I have to pay for my RCI membership because my ownership predates the 2008 change (or whenever it was).   I know that sometimes there are codes or promotions where you pay for X years and you get Y years of ownership.

Does anyone know if there is such a promotion now?  Do TUGgers think that RCI is "worth it"?    I used to use for bulk banks but I don't really do that anymore.   I can see doing TradeWinds exchanges, which is probably the only reason to renew at this point, but even that is a justification.

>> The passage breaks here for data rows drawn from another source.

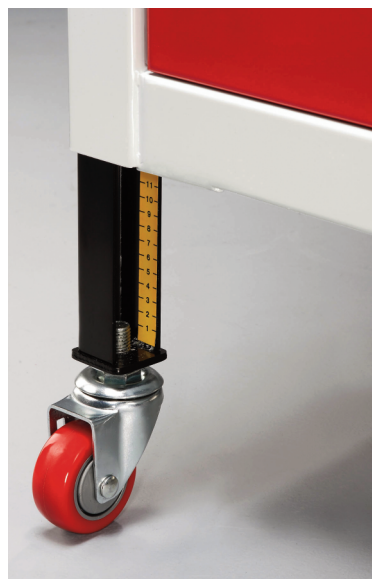
Adjustable table height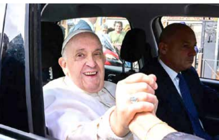
Pope Francis leaves the Gemelli hospital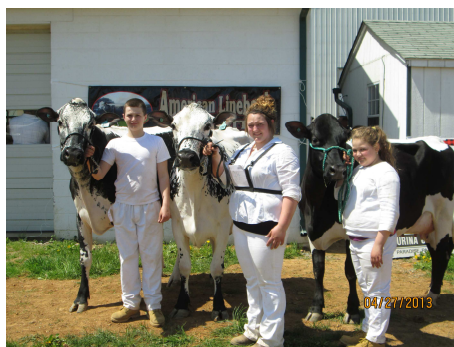
"Best Three" Winners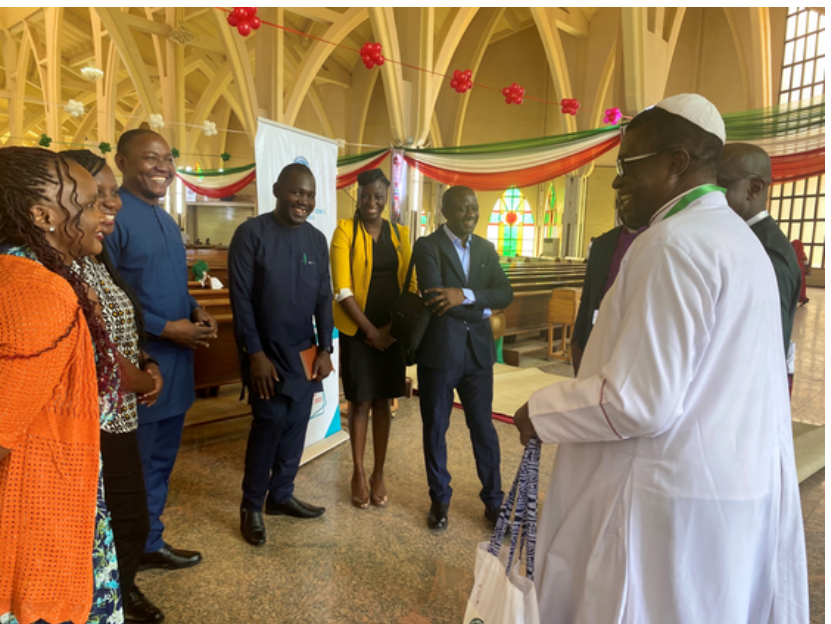
ACHAP and EPN at the AACC 60th anniversary celebration.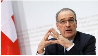
Guy Parmelin, Federal Councillor Head of the Federal Department of Economic Affairs, Education and Research (EAER)

Guy Bernard Parmelin was born in Bursins (Vaud) on 9 November 1959. He holds a federal baccalaureate specialising in Latin and English. Following a farming apprenticeship, he obtained a diploma from the agricultural college at Marcelin in 1979. In 1985, he obtained a Federal PET Diploma in agriculture and winemaking.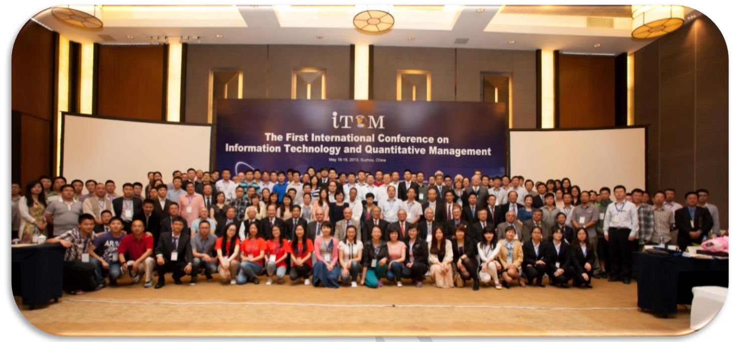
The First International Conference on Information Technology and Quantitative Management, May 2013, Suzhou, China

Please advise and thank you!


----------



## klpca (Jul 13, 2022)

GregT said:


> Good morning All,
> 
> I have to pay for my RCI membership because my ownership predates the 2008 change (or whenever it was).   I know that sometimes there are codes or promotions where you pay for X years and you get Y years of ownership.
> 
> ...


RCI is ok but II is better imo. Regarding Tradewinds, you can access those weeks via the HGVC portal. I usually see a lot of weeks using points, but I see a few weeks available for rental ~ $300-$400 per week. I dropped my RCI membership and just use the HGVC portal to see inventory.


----------



## TheHappyWanderer (Jul 13, 2022)

Are there any deals/discounts/codes for Worldmark owners who want to sign up for RCI?


----------



## silentg (Jul 13, 2022)

I’m contemplating my RCI membership it’s expiring in January 2023. I might just use my weeks, as I like where they are and enjoy going.


----------



## tony_i (Jul 16, 2022)

Last year worldmark was offering 2 years for the price of 1 under the old website. Not sure on the new one, but might be worth a call and ask RCI if it is still available.  Could have been code: WMRCIOFFER.   I got the offer, and I usually pull less inventory than my non WM RCI accounts. I find it good for the very expensive studios and hotel units, like in NYC, but again, does not pull all the available inventory.


----------



## rickandcindy23 (Jul 16, 2022)

I just joined II with my WorldMark account.  I am hoping for some good exchanges.


----------



## TheHappyWanderer (Jul 19, 2022)

tony_i said:


> Last year worldmark was offering 2 years for the price of 1 under the old website. Not sure on the new one, but might be worth a call and ask RCI if it is still available.  Could have been code: WMRCIOFFER.   I got the offer, and I usually pull less inventory than my non WM RCI accounts. I find it good for the very expensive studios and hotel units, like in NYC, but again, does not pull all the available inventory.


Thanks. The offer on the new WM website with that discount code is $99 for one year/$179 for two years. Is that really a discount?  That seems to be the going rate on RCI.com from what I can tell.


----------



## tony_i (Jul 19, 2022)

TheHappyWanderer said:


> Thanks. The offer on the new WM website with that discount code is $99 for one year/$179 for two years. Is that really a discount? That seems to be the going rate on RCI.com from what I can tell.



No, that is not the discount. it was 2 years for $99. That is why I suggested you call RCI and see if they can give you that offers. 


Sent from my iPhone using Tapatalk


----------



## TheHappyWanderer (Jul 19, 2022)

tony_i said:


> No, that is not the discount. it was 2 years for $99. That is why I suggested you call RCI and see if they can give you that offers.
> 
> 
> Sent from my iPhone using Tapatalk


Can you call RCI and let me know?


----------